In my talk on generics I introduce a similar pattern because its they key pattern to implementing generic refactoring. There are two differences between this the code I use in the demonstration that drops 50% of the source code and the diamond plus one pattern. The generic base classes are still in the same assembly as the business objects. That’s a demo ware moment and if you have used that refactoring pattern, its quite likely that you moved the generic base classes into their own assembly. The other difference is that there is not a second root – no “plus one”. If you’ve seen that talk and built real world projects using the generic refactoring techniques, check carefully for the diamond plus one pattern.
There are probably many reasons to arrive at this pattern.
If you have this pattern, I think you should understand why this bug occurs, and then follow up by understanding some of the remaining questions.
Why this Bug Occurs
I started out with an attitude of not really caring what the real problem was and just wanting a mitigation strategy and a fix in SP1. I’ve come to believe that if you aren’t excluded so far, and don’t see switching to all project references (meaning reading all of your project files), you need at least some understanding of what goes wrong.
The second root reference loads the file that was previously created, not the one being created on this build. It does this because it loads first. Common.dll (Project 4) compiles with updated source code and the two don’t match. Code in the GenericBase.dll (Project 3) specifically related to generics that are constrained looks for details on its constraint. It finds two copies in memory and becomes confused. At this point, the local code in the compiler should throw an error. It’s confused and confused code should always throw an error. Unfortunately it quits instead and fails to output the line of code.
A local fix of a compile failure would not make us happy because it would be some error about ambiguity. The fix cannot disallow the combination because C# files are always referenced as file references. Instead the fix is going to have to check before the compiler loads the file version whether it will be updated during the build and use the updated version –effectively forcing a project reference whenever needed to avoid two out of sync assemblies in memory.
This is also the reason it’s an intermittent error and why the Clean solution is a temporary fix. It only occurs when the Common dll being compiled differs from the file.
How Narrow is Narrow?
The VB team thinks the impact of this bug will be extremely narrow, although they agree on how serious it can be when it occurs. I’m still asking questions on this and hopefully will have answers for you soon.
But for those of you not in the US, I’m posting this version on Thanksgiving morning. Thanksgiving is a holiday almost everyone spends with family (away from work) until Monday. I’m then at DevTeach Vancouver and doing an all day session on workflow for the Los Angles .NET Developers Group on Dec. 1. I plan to stay on top of this while I’m traveling, but need to back off how much time I’ve spent on this.
Here’s my project with the file references marked with dotted lines:
Does it really have to be a second root that loads the file? Can it be a descendant from a second root or some other branching in very complex directory structures? Is there any other way the file version of the Project 4 dll might be in memory?

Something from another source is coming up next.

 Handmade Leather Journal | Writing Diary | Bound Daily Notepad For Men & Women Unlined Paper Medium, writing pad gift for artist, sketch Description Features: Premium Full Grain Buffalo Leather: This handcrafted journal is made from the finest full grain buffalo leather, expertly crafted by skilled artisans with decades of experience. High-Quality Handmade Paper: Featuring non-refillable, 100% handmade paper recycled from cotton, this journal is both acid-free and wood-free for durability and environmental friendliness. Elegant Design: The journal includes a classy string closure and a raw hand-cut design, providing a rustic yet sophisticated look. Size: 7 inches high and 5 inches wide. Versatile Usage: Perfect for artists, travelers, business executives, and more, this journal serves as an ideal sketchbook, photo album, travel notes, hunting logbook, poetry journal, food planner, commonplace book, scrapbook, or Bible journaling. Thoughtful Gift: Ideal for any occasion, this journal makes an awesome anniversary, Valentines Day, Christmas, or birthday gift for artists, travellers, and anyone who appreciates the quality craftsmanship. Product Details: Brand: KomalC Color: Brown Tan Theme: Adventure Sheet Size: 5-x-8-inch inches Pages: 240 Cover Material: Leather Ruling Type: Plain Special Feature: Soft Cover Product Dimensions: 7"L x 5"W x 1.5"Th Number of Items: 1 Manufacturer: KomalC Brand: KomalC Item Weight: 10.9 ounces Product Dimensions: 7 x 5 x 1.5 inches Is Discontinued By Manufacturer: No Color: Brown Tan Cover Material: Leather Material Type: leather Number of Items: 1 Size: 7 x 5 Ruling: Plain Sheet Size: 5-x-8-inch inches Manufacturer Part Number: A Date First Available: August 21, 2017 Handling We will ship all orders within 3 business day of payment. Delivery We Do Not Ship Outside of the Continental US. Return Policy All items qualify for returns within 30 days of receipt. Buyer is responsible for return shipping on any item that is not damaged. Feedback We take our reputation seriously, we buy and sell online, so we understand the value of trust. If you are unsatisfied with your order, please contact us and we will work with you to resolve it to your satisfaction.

Does the file reference from Project 1 to Project 2 really need to be a file reference?
Does it really have to be four files in the diamond? Are we certain to avoid the problem if Project 3 and 4 are collapsed together? What if 2 and 3 are collapsed together?
Does the constraint need to be an interface constraint or could it be a base class constraint?
Where does the concrete class that uses the constrained generic need to be? Can it be in either Project 1 or Project 2?
If this raises other technical questions in your mind, feel free to ask them via email or my blog. I’ll try to follow up with the team so people understand this problem and can respond appropriately.
Mitigation
The compiler becomes confused because of the two copies of the assembly – the one loaded from the file and the one just loaded as part of the build. Stop loading the one from file and the problem goes away. So the mitigation is simple – once you know where the file references are.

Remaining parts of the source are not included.